Stored dataset items
══════════════════════════════

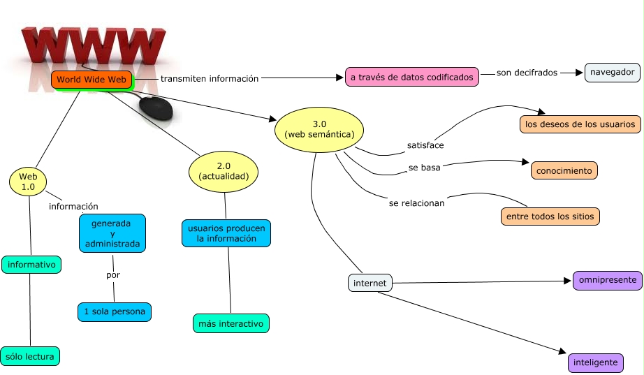 Este Cmap, tiene información relacionada con: cecilia mayer, usuarios producen la información ???? más interactivo, generada y administrada por 1 sola persona, 3.0 (web semántica) se relacionan entre todos los sitios, World Wide Web ???? 3.0 (web semántica), World Wide Web transmiten información a través de datos codificados, 3.0 (web semántica) satisface los deseos de los usuarios, Web 1.0 información generada y administrada, internet ???? inteligente, World Wide Web ???? 2.0 (actualidad), a través de datos codificados son decifrados navegador, Web 1.0 ???? informativo, 3.0 (web semántica) ???? internet, internet ???? omnipresente, World Wide Web ???? Web 1.0, 2.0 (actualidad) ???? usuarios producen la información, 3.0 (web semántica) se basa conocimiento, informativo ???? sólo lectura
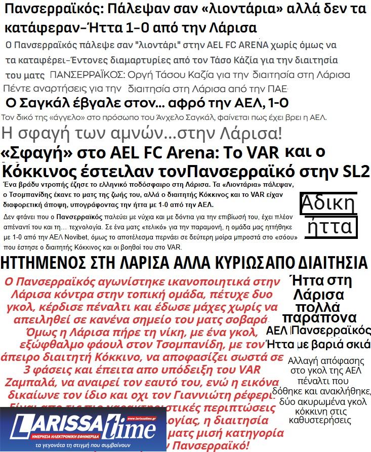 Ο Τύπος των Σερρών για ΑΕΛ-Πανσερραϊκός
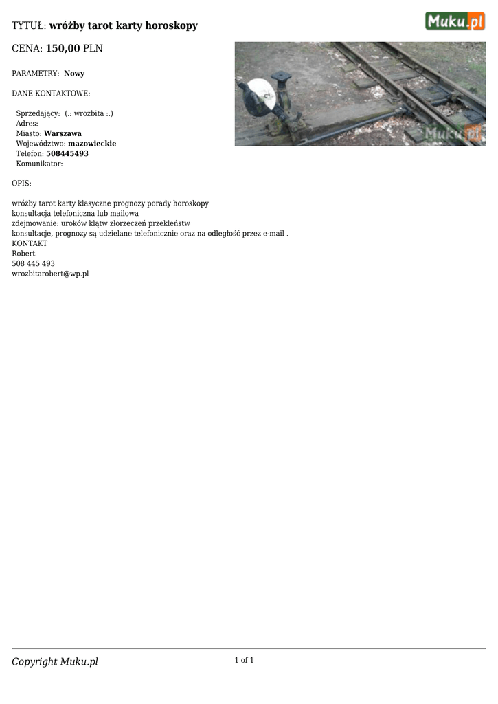 TYTUŁ: wróżby tarot karty horoskopy CENA: 150,00 PLN PARAMETRY: Nowy DANE KONTAKTOWE: Sprzedający: (.: wrozbita :.) Adres: Miasto: Warszawa Województwo: mazowieckie Telefon: 508445493 Komunikator: OPIS: wróżby tarot karty klasyczne prognozy porady horoskopy konsultacja telefoniczna lub mailowa zdejmowanie: uroków klątw złorzeczeń przekleństw konsultacje, prognozy są udzielane telefonicznie oraz na odległość przez e-mail . KONTAKT Robert 508 445 493 [email protected] Copyright Muku.pl 1 of 1
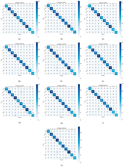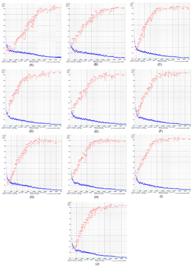 Figure 9J shows the mAP curve and the average loss curve of the ninth experimental results, where the mAP value is 92.4%, the average loss rate is 0.2485, and the number of Epochs is 20,000. Figure 10J shows the confusion matrix using the ninth experiment weights on the test set, and the Precision is 0.95, the Recall is 0.95, the F1-score is 0.95, the Accuracy is 0.935, and the mAP result using the test set is 98.19%. It can be seen from Figure 9J that the results of the tenth experiment are close to the results of the second experiment, but the difference from the second experiment is that the mAP value of the tenth experiment is steeper when rising. The average loss rate was half that of the second experiment, coming to 0.2485.
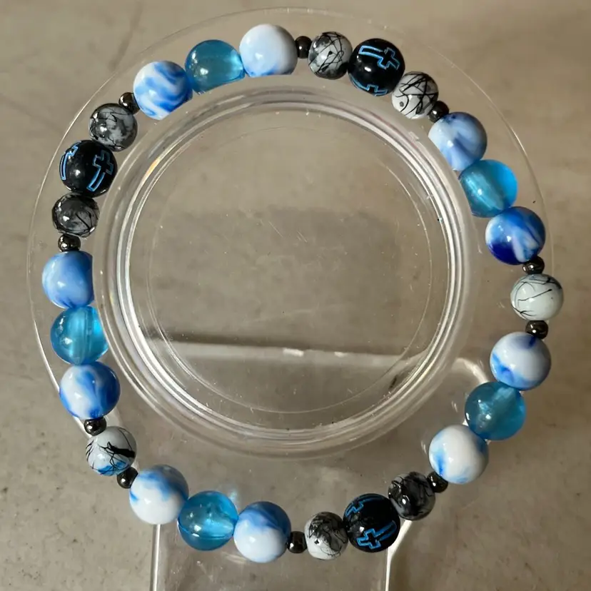 Handmade bracelet in tones of blue with crossed wrist size is 7.5-8.5 on stretchy cord

══════════════════════════════

== WHAT IS EXPECTED ==
Transcribe each record exactly as it appears, but omit every picture.

== RESULT BELOW ==
 Este Cmap, tiene información relacionada con: cecilia mayer, usuarios producen la información ???? más interactivo, generada y administrada por 1 sola persona, 3.0 (web semántica) se relacionan entre todos los sitios, World Wide Web ???? 3.0 (web semántica), World Wide Web transmiten información a través de datos codificados, 3.0 (web semántica) satisface los deseos de los usuarios, Web 1.0 información generada y administrada, internet ???? inteligente, World Wide Web ???? 2.0 (actualidad), a través de datos codificados son decifrados navegador, Web 1.0 ???? informativo, 3.0 (web semántica) ???? internet, internet ???? omnipresente, World Wide Web ???? Web 1.0, 2.0 (actualidad) ???? usuarios producen la información, 3.0 (web semántica) se basa conocimiento, informativo ???? sólo lectura
 Ο Τύπος των Σερρών για ΑΕΛ-Πανσερραϊκός
 TYTUŁ: wróżby tarot karty horoskopy CENA: 150,00 PLN PARAMETRY: Nowy DANE KONTAKTOWE: Sprzedający: (.: wrozbita :.) Adres: Miasto: Warszawa Województwo: mazowieckie Telefon: 508445493 Komunikator: OPIS: wróżby tarot karty klasyczne prognozy porady horoskopy konsultacja telefoniczna lub mailowa zdejmowanie: uroków klątw złorzeczeń przekleństw konsultacje, prognozy są udzielane telefonicznie oraz na odległość przez e-mail . KONTAKT Robert 508 445 493 [email protected] Copyright Muku.pl 1 of 1
 Figure 9J shows the mAP curve and the average loss curve of the ninth experimental results, where the mAP value is 92.4%, the average loss rate is 0.2485, and the number of Epochs is 20,000. Figure 10J shows the confusion matrix using the ninth experiment weights on the test set, and the Precision is 0.95, the Recall is 0.95, the F1-score is 0.95, the Accuracy is 0.935, and the mAP result using the test set is 98.19%. It can be seen from Figure 9J that the results of the tenth experiment are close to the results of the second experiment, but the difference from the second experiment is that the mAP value of the tenth experiment is steeper when rising. The average loss rate was half that of the second experiment, coming to 0.2485.
 Handmade bracelet in tones of blue with crossed wrist size is 7.5-8.5 on stretchy cord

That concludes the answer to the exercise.